• INSTRUCTIONS TO FOLLOW: When you reach the line containing "coucher, se reposer.", begin reproducing the material exactly, stop after the line containing "A two-per-page hologram", and leave out any pictures along the way.

• SUPPLIED DATA:
____

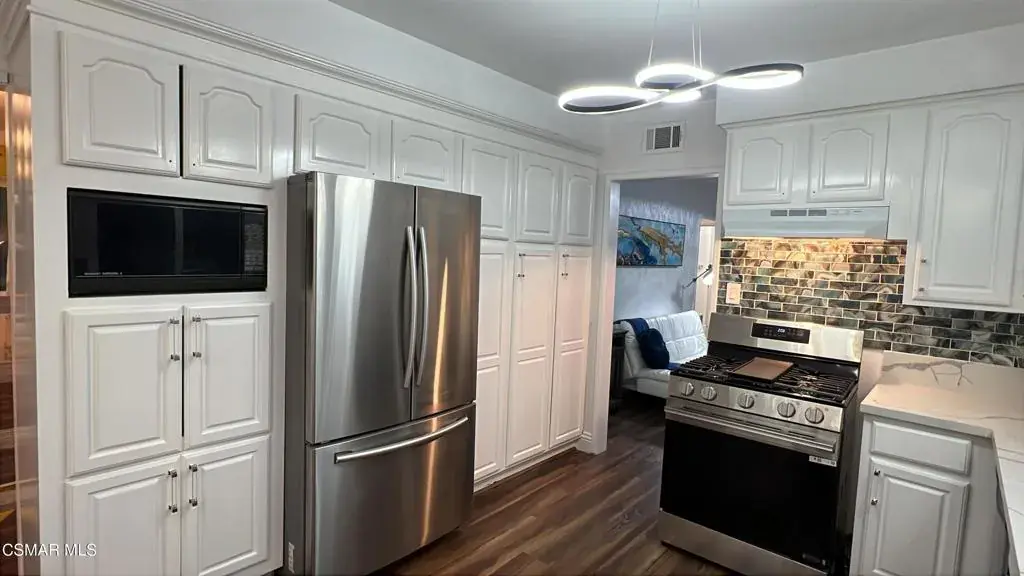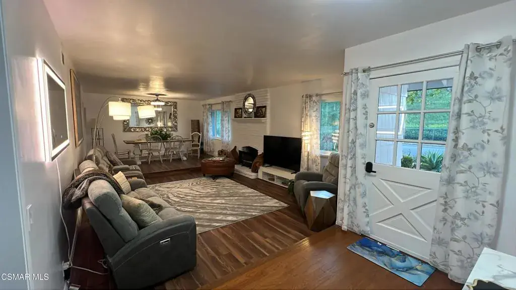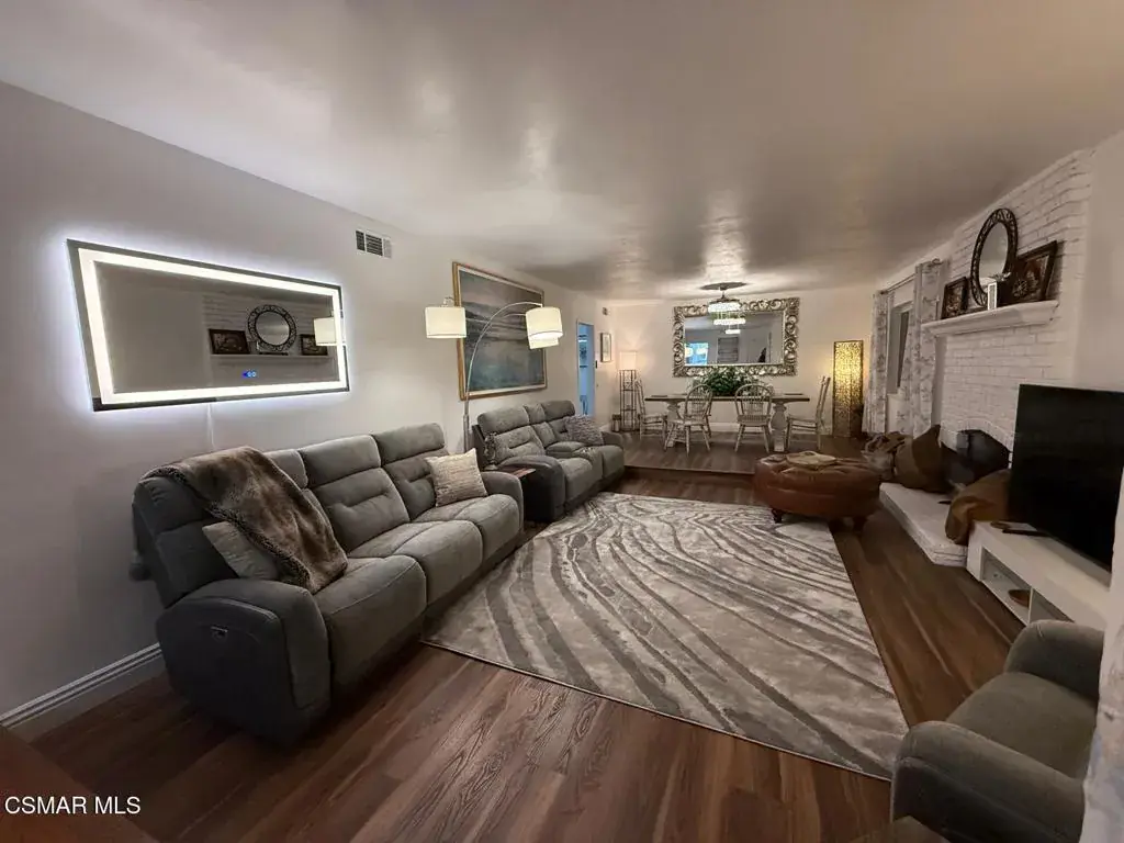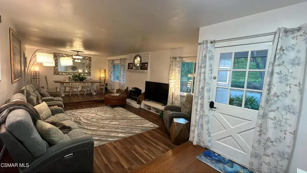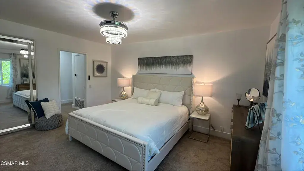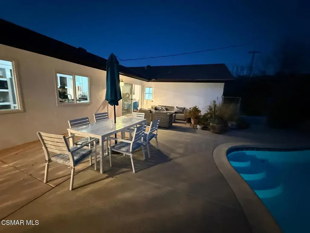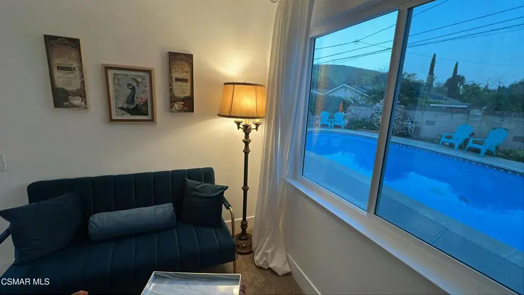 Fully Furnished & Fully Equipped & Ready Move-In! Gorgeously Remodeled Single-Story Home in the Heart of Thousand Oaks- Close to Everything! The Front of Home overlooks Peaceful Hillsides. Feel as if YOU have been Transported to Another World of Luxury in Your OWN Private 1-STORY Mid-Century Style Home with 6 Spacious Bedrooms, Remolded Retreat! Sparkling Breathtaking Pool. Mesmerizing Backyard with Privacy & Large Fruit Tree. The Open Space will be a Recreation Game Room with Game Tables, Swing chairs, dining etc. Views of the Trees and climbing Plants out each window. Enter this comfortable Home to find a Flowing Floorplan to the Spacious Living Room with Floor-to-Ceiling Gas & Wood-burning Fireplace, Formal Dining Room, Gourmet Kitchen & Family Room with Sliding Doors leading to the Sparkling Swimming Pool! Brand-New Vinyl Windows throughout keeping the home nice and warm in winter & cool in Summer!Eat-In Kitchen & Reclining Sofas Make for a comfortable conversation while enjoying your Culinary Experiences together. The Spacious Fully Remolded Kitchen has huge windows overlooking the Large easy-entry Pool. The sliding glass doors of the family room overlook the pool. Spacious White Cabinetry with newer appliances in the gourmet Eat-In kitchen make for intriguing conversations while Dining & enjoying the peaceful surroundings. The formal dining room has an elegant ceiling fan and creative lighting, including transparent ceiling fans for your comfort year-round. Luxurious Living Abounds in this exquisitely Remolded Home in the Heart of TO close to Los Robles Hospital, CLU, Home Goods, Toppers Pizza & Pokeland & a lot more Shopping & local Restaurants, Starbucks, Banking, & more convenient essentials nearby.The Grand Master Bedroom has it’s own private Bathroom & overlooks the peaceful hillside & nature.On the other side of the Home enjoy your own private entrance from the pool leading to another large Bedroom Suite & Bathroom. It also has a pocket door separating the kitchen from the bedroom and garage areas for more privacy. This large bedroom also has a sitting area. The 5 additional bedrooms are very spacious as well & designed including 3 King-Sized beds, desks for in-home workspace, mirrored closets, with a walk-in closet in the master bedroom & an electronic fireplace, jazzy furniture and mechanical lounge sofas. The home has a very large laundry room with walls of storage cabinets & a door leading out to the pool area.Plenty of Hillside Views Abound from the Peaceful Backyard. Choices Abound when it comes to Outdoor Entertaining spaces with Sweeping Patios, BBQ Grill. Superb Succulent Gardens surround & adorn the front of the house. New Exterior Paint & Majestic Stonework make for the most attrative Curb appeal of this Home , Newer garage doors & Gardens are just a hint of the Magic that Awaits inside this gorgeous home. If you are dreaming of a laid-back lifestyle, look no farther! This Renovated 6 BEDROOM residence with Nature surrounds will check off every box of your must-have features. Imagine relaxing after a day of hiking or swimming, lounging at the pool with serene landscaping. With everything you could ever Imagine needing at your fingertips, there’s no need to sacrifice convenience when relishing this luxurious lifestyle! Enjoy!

____

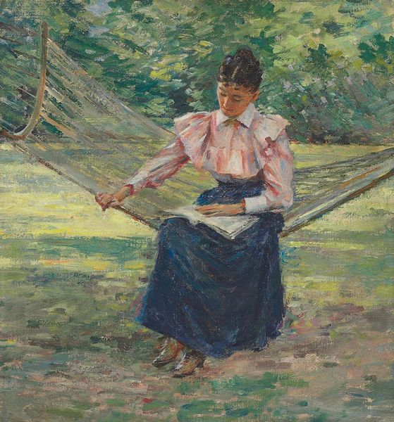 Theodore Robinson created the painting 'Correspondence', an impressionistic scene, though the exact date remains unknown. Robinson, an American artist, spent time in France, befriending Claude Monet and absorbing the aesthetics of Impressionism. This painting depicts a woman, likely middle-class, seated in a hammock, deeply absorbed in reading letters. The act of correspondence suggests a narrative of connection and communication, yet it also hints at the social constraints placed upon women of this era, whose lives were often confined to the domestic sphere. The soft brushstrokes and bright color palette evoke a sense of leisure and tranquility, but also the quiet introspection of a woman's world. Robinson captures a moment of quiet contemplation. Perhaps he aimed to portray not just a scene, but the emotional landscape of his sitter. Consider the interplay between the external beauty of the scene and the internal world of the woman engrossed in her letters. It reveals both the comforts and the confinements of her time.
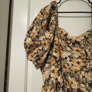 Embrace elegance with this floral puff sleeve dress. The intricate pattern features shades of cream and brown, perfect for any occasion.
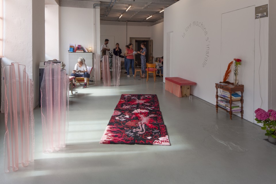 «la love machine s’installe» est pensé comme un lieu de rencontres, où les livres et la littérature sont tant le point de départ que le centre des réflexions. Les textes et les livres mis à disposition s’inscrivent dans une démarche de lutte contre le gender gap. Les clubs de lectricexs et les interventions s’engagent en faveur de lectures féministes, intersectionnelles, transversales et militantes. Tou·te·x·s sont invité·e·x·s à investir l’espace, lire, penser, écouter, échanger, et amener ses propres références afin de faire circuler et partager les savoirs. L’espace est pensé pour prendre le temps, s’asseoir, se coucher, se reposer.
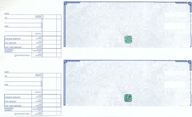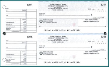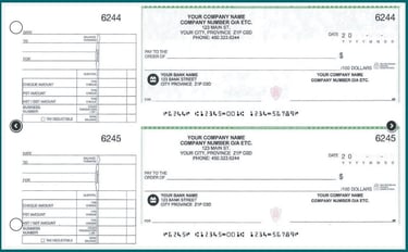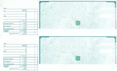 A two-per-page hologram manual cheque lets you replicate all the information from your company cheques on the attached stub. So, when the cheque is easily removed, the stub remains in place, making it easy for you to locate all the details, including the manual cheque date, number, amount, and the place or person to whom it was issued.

____

• ANSWER SPACE:
 «la love machine s’installe» est pensé comme un lieu de rencontres, où les livres et la littérature sont tant le point de départ que le centre des réflexions. Les textes et les livres mis à disposition s’inscrivent dans une démarche de lutte contre le gender gap. Les clubs de lectricexs et les interventions s’engagent en faveur de lectures féministes, intersectionnelles, transversales et militantes. Tou·te·x·s sont invité·e·x·s à investir l’espace, lire, penser, écouter, échanger, et amener ses propres références afin de faire circuler et partager les savoirs. L’espace est pensé pour prendre le temps, s’asseoir, se coucher, se reposer.
 A two-per-page hologram manual cheque lets you replicate all the information from your company cheques on the attached stub. So, when the cheque is easily removed, the stub remains in place, making it easy for you to locate all the details, including the manual cheque date, number, amount, and the place or person to whom it was issued.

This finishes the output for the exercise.